(RAW DATA begins)

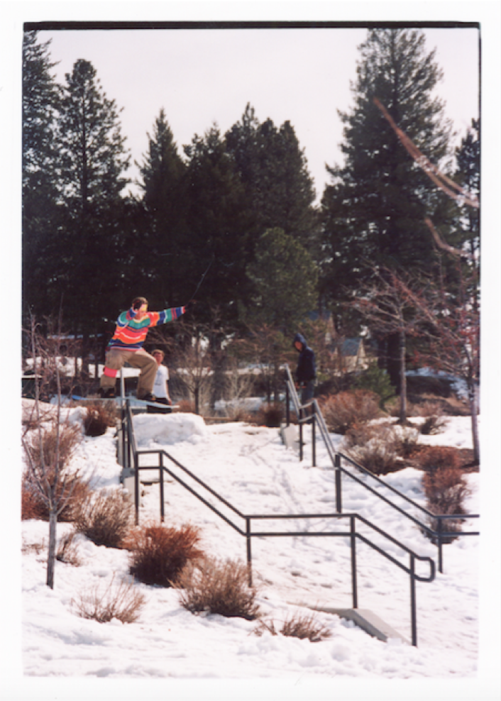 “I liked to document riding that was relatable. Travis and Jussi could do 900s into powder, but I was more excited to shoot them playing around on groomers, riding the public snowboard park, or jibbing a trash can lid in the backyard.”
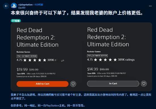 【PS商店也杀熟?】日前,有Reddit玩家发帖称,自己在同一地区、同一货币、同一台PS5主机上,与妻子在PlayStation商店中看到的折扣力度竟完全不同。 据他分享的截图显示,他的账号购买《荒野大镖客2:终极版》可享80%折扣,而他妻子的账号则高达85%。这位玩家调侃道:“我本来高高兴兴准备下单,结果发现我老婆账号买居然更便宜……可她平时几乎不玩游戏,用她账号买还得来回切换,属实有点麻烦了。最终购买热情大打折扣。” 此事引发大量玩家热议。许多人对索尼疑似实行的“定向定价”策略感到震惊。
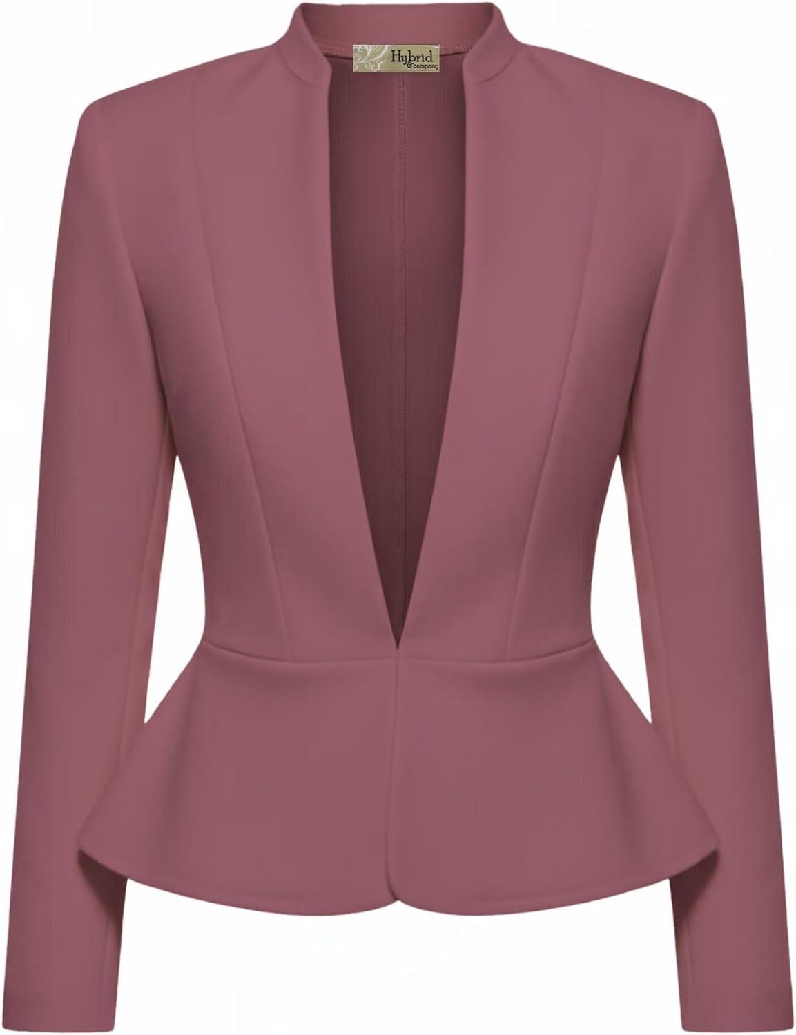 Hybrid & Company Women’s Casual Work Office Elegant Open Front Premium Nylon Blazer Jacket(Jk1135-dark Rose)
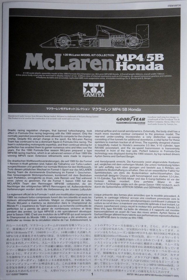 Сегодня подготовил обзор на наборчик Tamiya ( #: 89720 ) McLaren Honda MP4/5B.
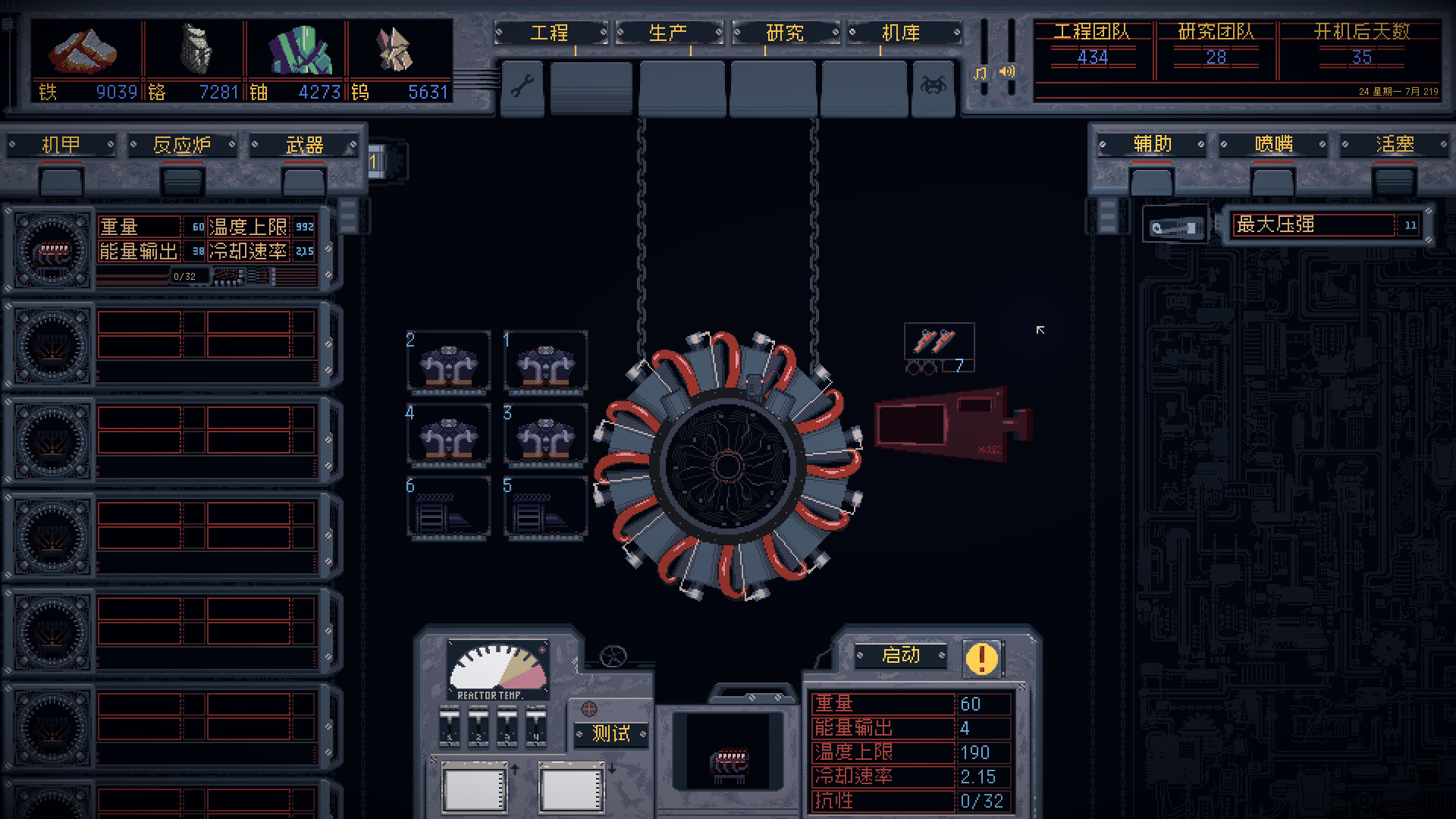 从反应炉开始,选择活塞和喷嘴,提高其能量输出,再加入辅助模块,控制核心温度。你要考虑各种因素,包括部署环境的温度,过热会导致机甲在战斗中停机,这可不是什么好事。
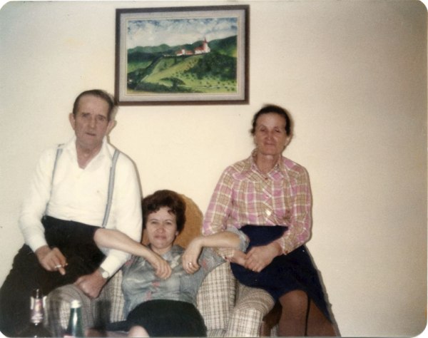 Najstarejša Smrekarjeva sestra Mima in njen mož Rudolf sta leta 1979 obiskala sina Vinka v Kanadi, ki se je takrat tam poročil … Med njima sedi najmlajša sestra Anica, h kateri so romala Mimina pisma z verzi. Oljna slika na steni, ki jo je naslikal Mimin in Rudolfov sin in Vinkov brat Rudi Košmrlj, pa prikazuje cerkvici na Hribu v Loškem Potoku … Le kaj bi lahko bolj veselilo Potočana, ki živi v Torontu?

(RAW DATA ends)
(RAW DATA begins)

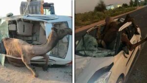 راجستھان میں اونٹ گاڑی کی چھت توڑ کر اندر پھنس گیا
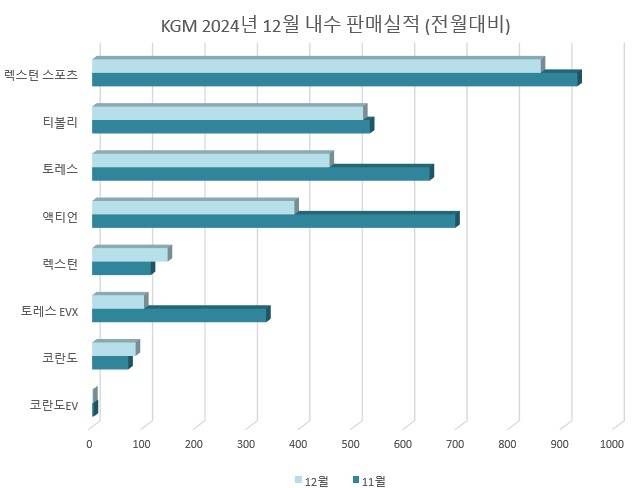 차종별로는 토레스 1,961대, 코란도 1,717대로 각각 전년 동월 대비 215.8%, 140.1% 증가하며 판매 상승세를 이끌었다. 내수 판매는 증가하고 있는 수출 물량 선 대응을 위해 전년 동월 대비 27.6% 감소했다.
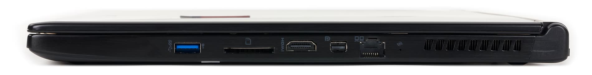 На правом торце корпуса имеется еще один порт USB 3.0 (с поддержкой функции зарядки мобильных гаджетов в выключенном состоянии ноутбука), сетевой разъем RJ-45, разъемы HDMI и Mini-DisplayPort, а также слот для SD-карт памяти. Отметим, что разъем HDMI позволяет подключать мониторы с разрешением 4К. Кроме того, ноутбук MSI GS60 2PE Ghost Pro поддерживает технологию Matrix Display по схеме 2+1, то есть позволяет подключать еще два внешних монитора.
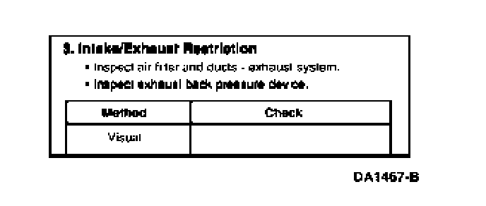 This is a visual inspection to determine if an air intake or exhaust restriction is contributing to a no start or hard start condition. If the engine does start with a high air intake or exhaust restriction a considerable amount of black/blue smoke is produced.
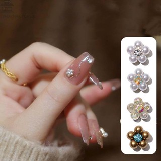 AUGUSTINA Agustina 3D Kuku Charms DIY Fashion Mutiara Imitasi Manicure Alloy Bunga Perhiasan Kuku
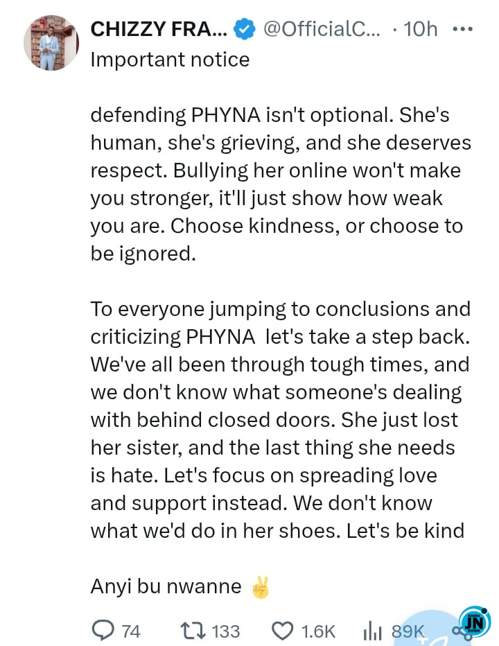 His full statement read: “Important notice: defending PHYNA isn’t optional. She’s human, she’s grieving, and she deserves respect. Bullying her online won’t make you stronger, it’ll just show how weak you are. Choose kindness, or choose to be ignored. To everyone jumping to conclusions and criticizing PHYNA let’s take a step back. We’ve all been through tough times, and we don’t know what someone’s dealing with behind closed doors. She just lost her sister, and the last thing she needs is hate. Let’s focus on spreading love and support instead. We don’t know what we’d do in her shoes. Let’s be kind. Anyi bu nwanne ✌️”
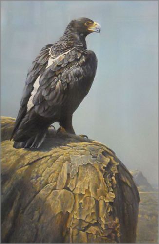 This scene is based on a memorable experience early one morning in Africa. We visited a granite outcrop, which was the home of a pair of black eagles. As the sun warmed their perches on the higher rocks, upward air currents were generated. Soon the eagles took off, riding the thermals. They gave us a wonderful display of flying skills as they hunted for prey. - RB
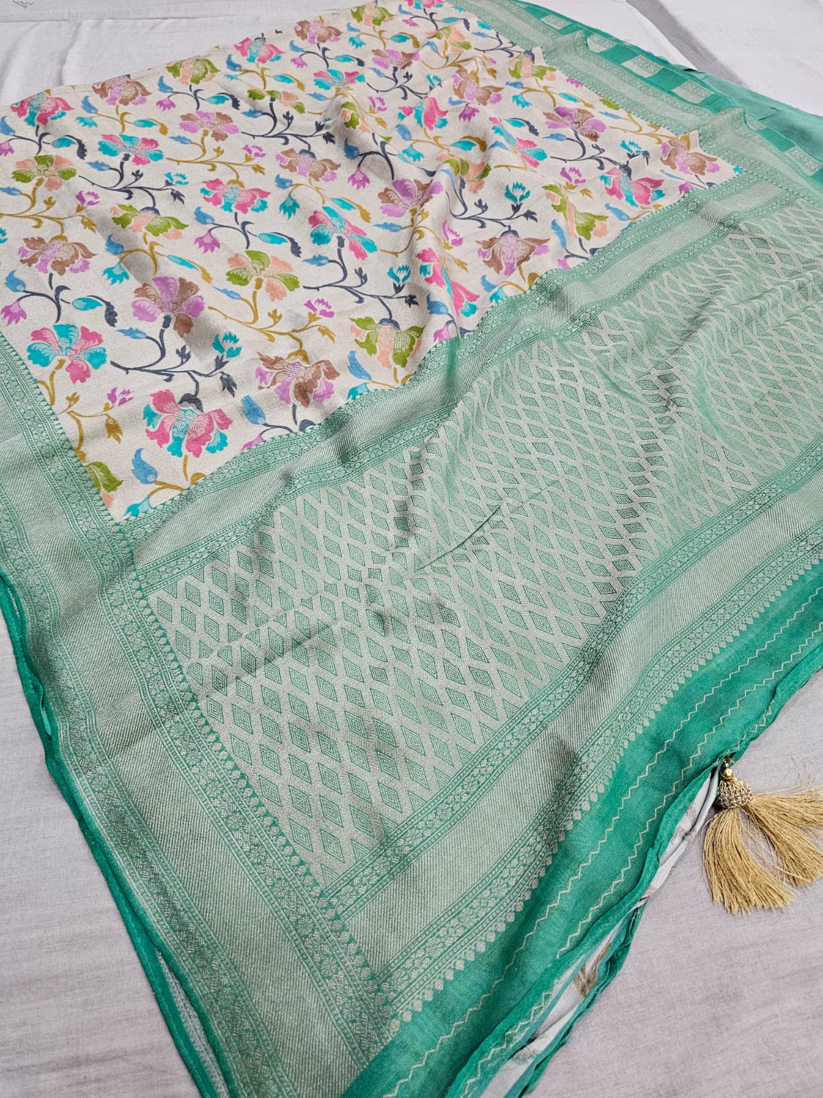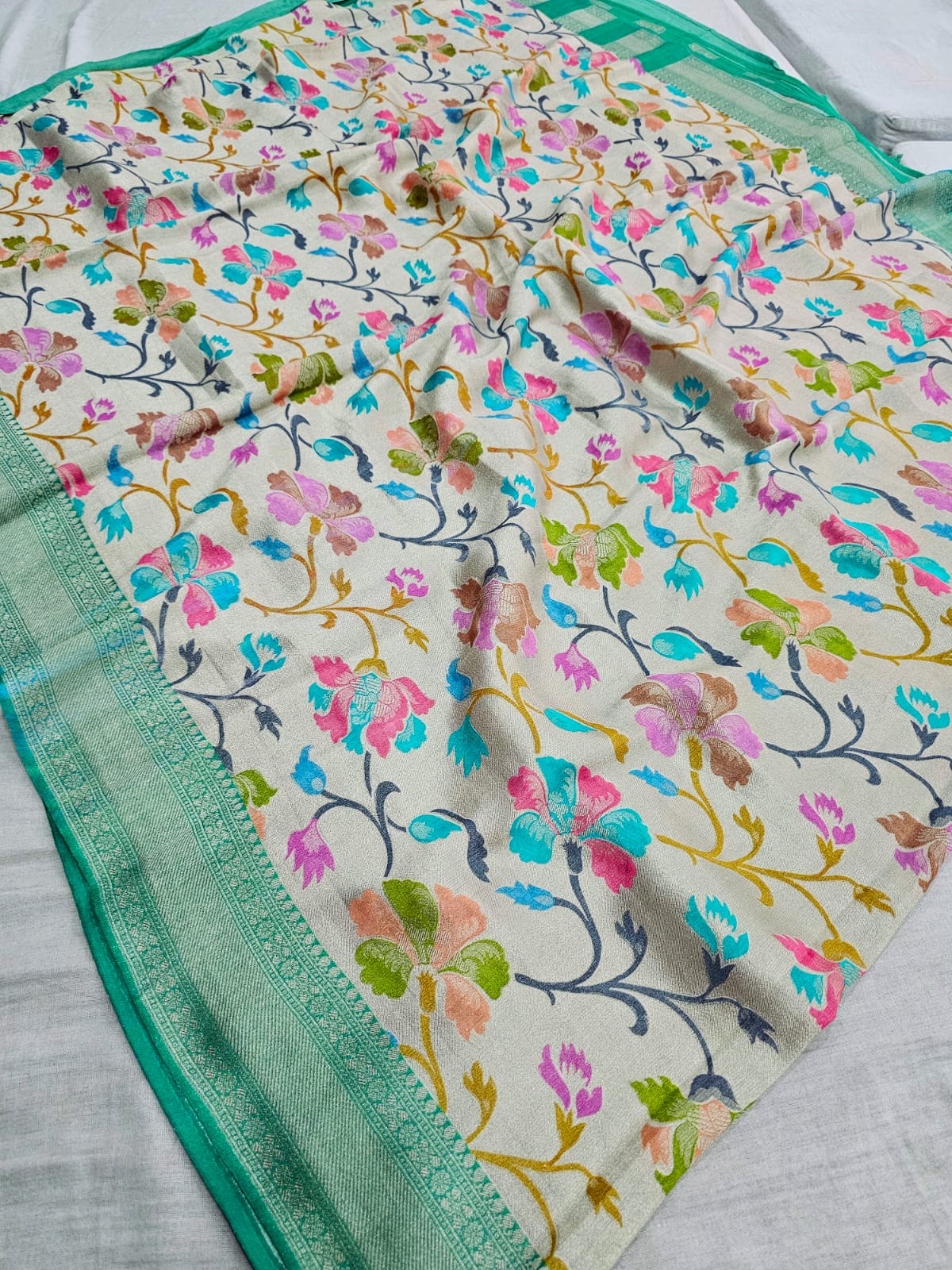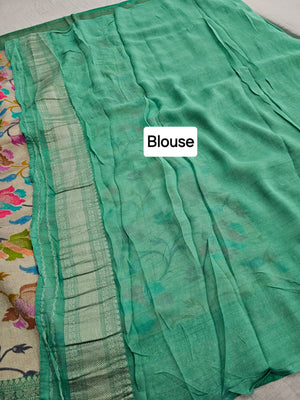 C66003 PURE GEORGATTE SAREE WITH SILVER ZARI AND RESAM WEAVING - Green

(RAW DATA ends)
(RAW DATA begins)

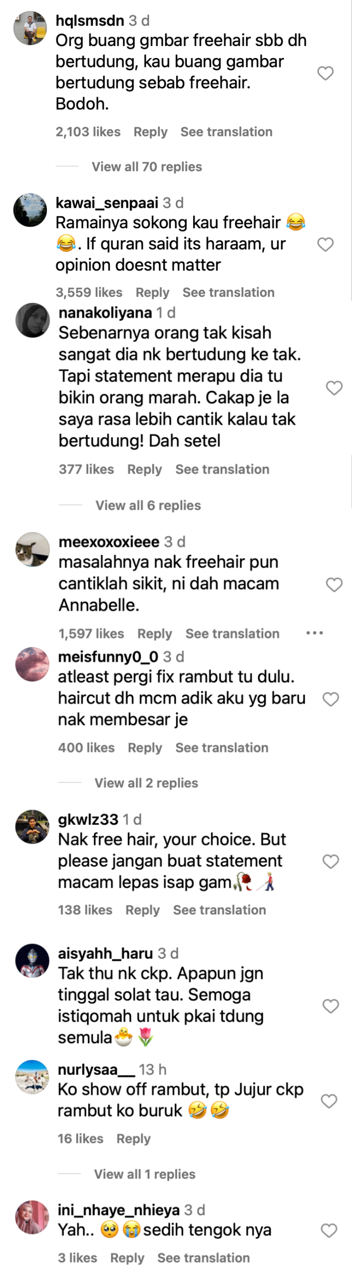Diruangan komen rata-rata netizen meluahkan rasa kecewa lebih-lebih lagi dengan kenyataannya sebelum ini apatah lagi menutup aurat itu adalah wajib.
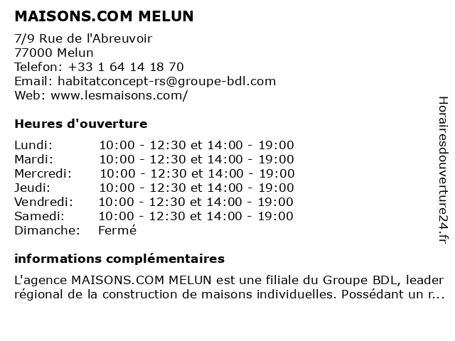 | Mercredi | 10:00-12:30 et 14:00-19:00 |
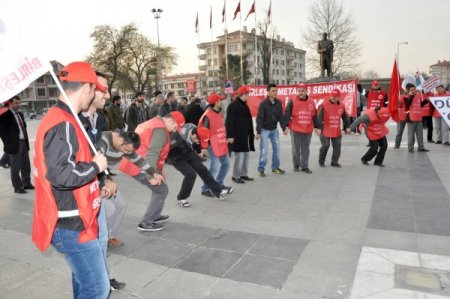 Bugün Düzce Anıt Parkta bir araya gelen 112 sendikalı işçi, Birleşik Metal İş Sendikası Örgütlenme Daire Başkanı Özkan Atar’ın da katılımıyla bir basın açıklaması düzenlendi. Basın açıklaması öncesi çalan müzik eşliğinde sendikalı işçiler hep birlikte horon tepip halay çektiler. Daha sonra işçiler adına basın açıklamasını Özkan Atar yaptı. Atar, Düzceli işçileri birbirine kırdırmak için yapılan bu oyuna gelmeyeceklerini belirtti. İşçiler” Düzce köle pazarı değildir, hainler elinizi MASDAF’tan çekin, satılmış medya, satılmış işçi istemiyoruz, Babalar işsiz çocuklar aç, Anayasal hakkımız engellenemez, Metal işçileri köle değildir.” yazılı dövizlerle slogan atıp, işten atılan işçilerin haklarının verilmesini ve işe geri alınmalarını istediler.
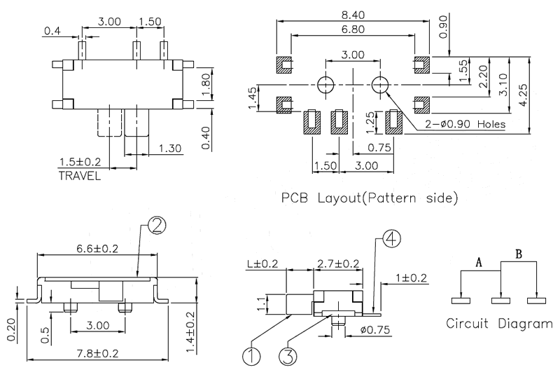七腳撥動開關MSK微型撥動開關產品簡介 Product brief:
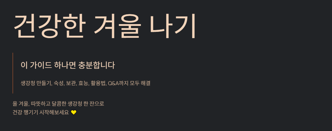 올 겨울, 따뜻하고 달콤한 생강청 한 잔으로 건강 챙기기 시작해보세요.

(RAW DATA ends)

(WHAT YOU NEED TO DO) A verbatim reproduction is expected: starting at the line above that has "liked to document", ending at the line that has "Hybrid & Company", both included, and with no pictures and no other lines.

(EXERCISE ANSWER)
 “I liked to document riding that was relatable. Travis and Jussi could do 900s into powder, but I was more excited to shoot them playing around on groomers, riding the public snowboard park, or jibbing a trash can lid in the backyard.”
 【PS商店也杀熟?】日前,有Reddit玩家发帖称,自己在同一地区、同一货币、同一台PS5主机上,与妻子在PlayStation商店中看到的折扣力度竟完全不同。 据他分享的截图显示,他的账号购买《荒野大镖客2:终极版》可享80%折扣,而他妻子的账号则高达85%。这位玩家调侃道:“我本来高高兴兴准备下单,结果发现我老婆账号买居然更便宜……可她平时几乎不玩游戏,用她账号买还得来回切换,属实有点麻烦了。最终购买热情大打折扣。” 此事引发大量玩家热议。许多人对索尼疑似实行的“定向定价”策略感到震惊。
 Hybrid & Company Women’s Casual Work Office Elegant Open Front Premium Nylon Blazer Jacket(Jk1135-dark Rose)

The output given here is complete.